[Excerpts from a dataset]
BEGIN

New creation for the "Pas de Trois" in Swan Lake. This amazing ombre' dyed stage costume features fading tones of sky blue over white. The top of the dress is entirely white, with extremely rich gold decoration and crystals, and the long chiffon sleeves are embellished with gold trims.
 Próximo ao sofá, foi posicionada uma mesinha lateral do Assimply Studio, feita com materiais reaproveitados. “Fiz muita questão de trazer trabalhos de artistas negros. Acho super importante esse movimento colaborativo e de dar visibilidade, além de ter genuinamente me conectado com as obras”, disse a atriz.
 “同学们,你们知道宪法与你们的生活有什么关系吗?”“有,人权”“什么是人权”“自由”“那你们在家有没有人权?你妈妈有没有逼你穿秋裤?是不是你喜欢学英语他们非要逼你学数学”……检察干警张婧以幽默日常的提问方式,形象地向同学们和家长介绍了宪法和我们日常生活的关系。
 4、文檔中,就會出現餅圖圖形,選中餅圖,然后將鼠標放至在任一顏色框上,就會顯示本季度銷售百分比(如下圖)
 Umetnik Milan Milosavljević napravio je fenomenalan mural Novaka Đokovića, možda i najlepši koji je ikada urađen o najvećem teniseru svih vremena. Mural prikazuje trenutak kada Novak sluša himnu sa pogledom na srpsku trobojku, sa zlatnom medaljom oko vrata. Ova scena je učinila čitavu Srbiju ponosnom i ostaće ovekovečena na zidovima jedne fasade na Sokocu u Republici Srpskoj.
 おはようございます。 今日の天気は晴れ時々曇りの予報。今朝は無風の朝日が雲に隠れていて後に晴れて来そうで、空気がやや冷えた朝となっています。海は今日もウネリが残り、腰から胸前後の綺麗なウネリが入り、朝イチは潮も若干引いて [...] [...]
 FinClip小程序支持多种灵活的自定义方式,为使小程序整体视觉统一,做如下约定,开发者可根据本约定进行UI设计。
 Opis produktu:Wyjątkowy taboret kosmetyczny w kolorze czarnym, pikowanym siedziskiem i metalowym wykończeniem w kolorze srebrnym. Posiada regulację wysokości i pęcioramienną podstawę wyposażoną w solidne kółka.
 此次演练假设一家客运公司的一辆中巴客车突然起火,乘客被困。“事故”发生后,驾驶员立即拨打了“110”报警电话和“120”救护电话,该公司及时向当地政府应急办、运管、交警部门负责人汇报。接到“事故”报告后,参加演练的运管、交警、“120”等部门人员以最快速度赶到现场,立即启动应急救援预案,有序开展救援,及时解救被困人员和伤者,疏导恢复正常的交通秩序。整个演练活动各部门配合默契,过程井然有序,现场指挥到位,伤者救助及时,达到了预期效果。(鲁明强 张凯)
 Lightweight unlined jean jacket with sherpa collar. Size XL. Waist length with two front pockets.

END

Instructions to follow:
All lines of the data above that include the word "with" must be shown.

Expected output:
New creation for the "Pas de Trois" in Swan Lake. This amazing ombre' dyed stage costume features fading tones of sky blue over white. The top of the dress is entirely white, with extremely rich gold decoration and crystals, and the long chiffon sleeves are embellished with gold trims.
 Lightweight unlined jean jacket with sherpa collar. Size XL. Waist length with two front pockets.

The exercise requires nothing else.